> **Brief**: Only what runs from the line with "在眾多展位中,臥牛山(WON" to the end of the data should appear in the answer, exactly as written and without pictures.

[Items listed in a dataset]
= = = = =

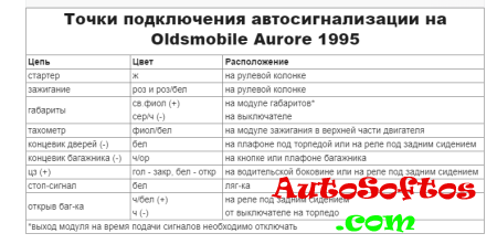 Точки подключения автосигнализации на Oldsmobile Aurore 1995
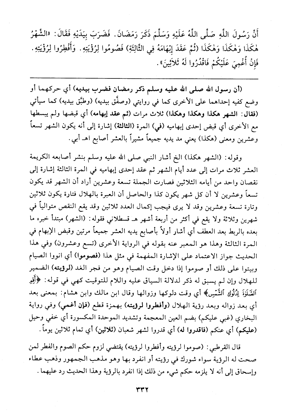 وقوله: (الشهر هكذا) الخ أشار النبي صلى الله عليه وسلم بنشر أصابعه الكريمة العشر ثلاث مرات إلى عدد أيام الشهر ثم عقد إحدى إبهاميه في المرة الثالثة إشارة إلى نقصان واحد من أيامه الثلاثين فصارت الجملة تسعة وعشرين أراد أن الشهر قد يكون تسعًا وعشرين لا أن كل شهر يكون كذا والحاصل أن العبرة بالهلال فتارة يكون ثلاثين وتارة تسعة وعشرين وقد لا يرى فيجب إكمال العدد ثلاثين وقد يقع النقص متواليًا في شهرين وثلاثة ولا يقع في أكثر من أربعة أشهر هـ قسطلاني فقوله: (الشهر) مبتدأ خبره ما بعده بالربط بعد العطف أي أشار أولًا بأصابع يديه العشر جميعًا مرتين وقبض الإبهام في المرة الثالثة وهذا هو المعبر عنه بفوله في الرواية الأخرى (تسع وعشرون) وفي هذا الحديث جواز الاعتماد على الإشارة المفهمة في مثل هذا (فصوموا) أي انووا الصيام وبيتوا على ذلك أو صوموا إذا دخل وقت الصيام وهو من فجر الغد (لرؤيته) الضمير للهلال وإن لم يسبق له ذكر لدلالة السياق عليه واللام للتوقيت كهي في قوله: {أَقِمِ الصَّلَاةَ لِدُلُوكِ الشَّمْسِ} أي وقت دلوكها وزوالها وقال ابن مالك وابن هشام: بمعنى بعد أي بعد زواله وبعد رؤية الهلال (وأفطروا لروبته) بهمزة قطع (فإن أغمي) وفي رواية البخاري (غبي عليكم) بضم العين المعجمة وتشديد الموحدة المكسورة أي خفي وحيل (عليكم) أي عنكم (فاقدروا له) أي قدروا لشهر شعبان (ثلاثين) أي تمام ثلاثين يومًا.
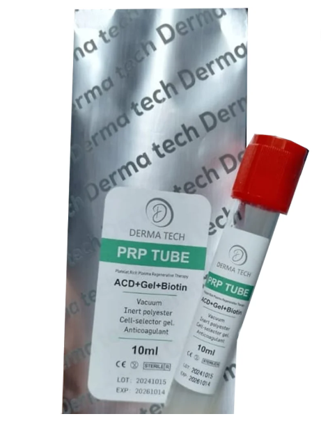 Type: The Dermatech PRP tube is a PRP preparation kit that uses a gel separator and an anticoagulant (ACD Solution A - Anticoagulant Citrate Dextrose) to ensure effective and consistent separation of platelet-rich plasma from whole blood.
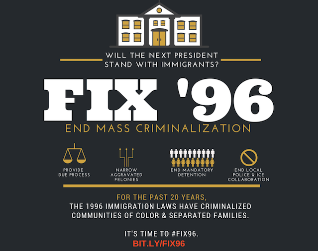 Like the infamous crime bill of 1994, the ’96 immigration legislation grew out of a toxic political narrative that blurred race and criminality and hyped up fears of crime to justify punitive policies. Also, like the crime bill, the immigration laws exacted their heaviest toll on communities of color. “Tough on crime” policies unleashed on these communities hyper-aggressive policing, leading to the profiling, arrest, prosecution and incarceration of ever greater numbers of Black and Brown people. Immigrants, overwhelmingly people of color, were caught up in the dragnet, and thanks to the ‘96 laws, many were now subject to detention and deportation as a result of their convictions.
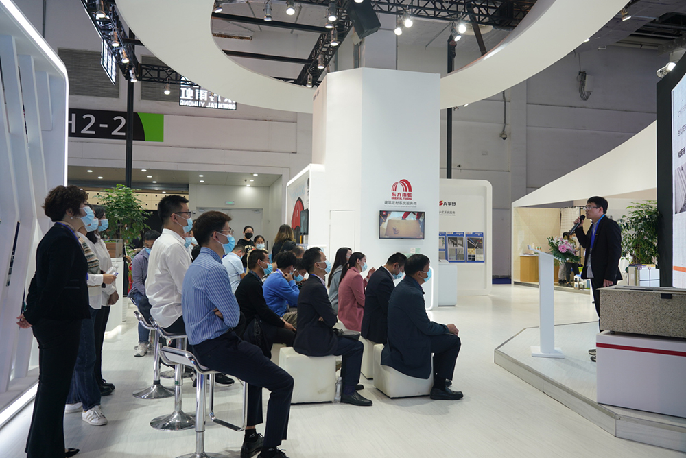 在眾多展位中,臥牛山(WONEWSUN)展位脫穎而出,其高質(zhì)量的創(chuàng)新產(chǎn)品與強有力的技術(shù)優(yōu)勢備受關(guān)注,吸引了大量參展人員及媒體駐足詢問。此外,臥牛山(WONEWSUN)聚焦碳達峰、碳中和與建筑業(yè)的有效銜接,緊扣展會主題及本土化保溫政策進行《上海新政后墻體內(nèi)外保溫裝飾推薦》專項宣講,為該政策提出合理解決方案,并展示應(yīng)對此政策的節(jié)能、保溫、裝飾相關(guān)產(chǎn)品,詮釋“韌性城市,低碳生活”。
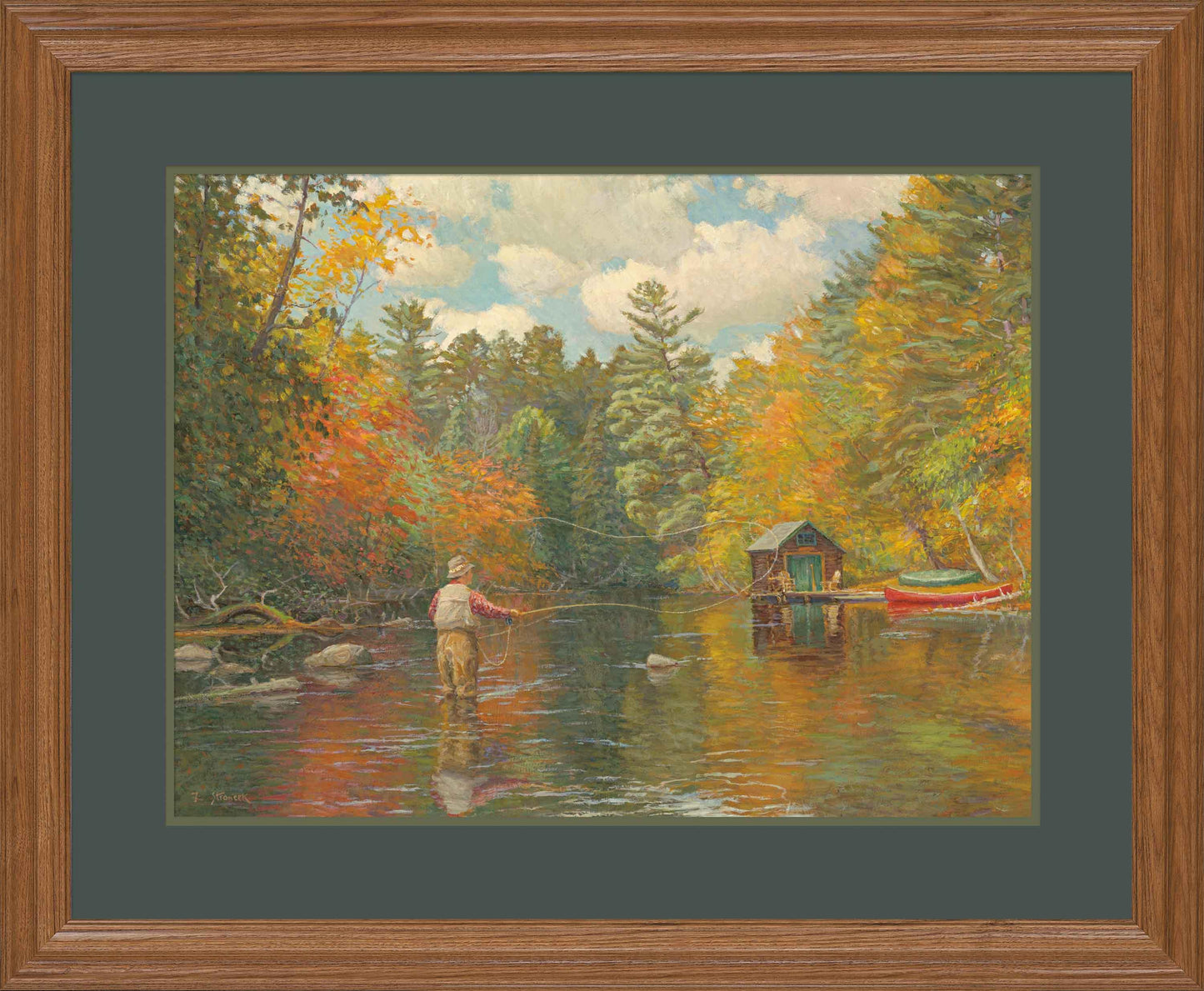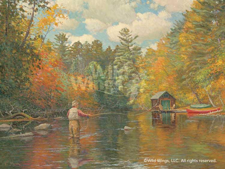 Limited edition of 1,500 signed and numbered art prints made from the original oil painting. Image size, 18" x 24". Framed size 26" x 32" with 2" fruitwood-finished moulding. Double matting with Spruce outer mat. Published exclusively by Wild Wings.
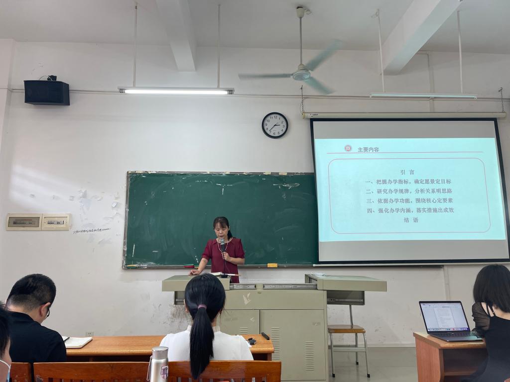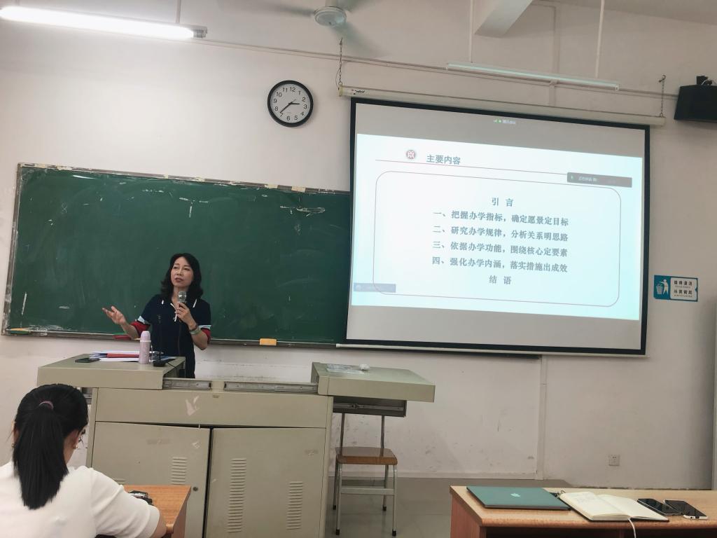 会议开始,梁悦院长总结回顾了上半年工作成效,对新入职教师进行介绍,并将林琨智校长关于《遵循办学规律,加强内涵建设》文件进行重点解读。她指出,职业教育具有高等性和职业性,承担着为经济社会发展输送高素质高级技术人才的重要任务,在当前新的职业教育背景下,全体老师需要转变思维观念,在教书、管理、服务育人等方面齐头并进,希望各位老师提振精神,齐心协力,将学校的内涵建设目标融入我院各项工作,励精更始,蓄力前行。

= = = = =

> **Solution to this exercise**:
 在眾多展位中,臥牛山(WONEWSUN)展位脫穎而出,其高質(zhì)量的創(chuàng)新產(chǎn)品與強有力的技術(shù)優(yōu)勢備受關(guān)注,吸引了大量參展人員及媒體駐足詢問。此外,臥牛山(WONEWSUN)聚焦碳達峰、碳中和與建筑業(yè)的有效銜接,緊扣展會主題及本土化保溫政策進行《上海新政后墻體內(nèi)外保溫裝飾推薦》專項宣講,為該政策提出合理解決方案,并展示應(yīng)對此政策的節(jié)能、保溫、裝飾相關(guān)產(chǎn)品,詮釋“韌性城市,低碳生活”。
 Limited edition of 1,500 signed and numbered art prints made from the original oil painting. Image size, 18" x 24". Framed size 26" x 32" with 2" fruitwood-finished moulding. Double matting with Spruce outer mat. Published exclusively by Wild Wings.
 会议开始,梁悦院长总结回顾了上半年工作成效,对新入职教师进行介绍,并将林琨智校长关于《遵循办学规律,加强内涵建设》文件进行重点解读。她指出,职业教育具有高等性和职业性,承担着为经济社会发展输送高素质高级技术人才的重要任务,在当前新的职业教育背景下,全体老师需要转变思维观念,在教书、管理、服务育人等方面齐头并进,希望各位老师提振精神,齐心协力,将学校的内涵建设目标融入我院各项工作,励精更始,蓄力前行。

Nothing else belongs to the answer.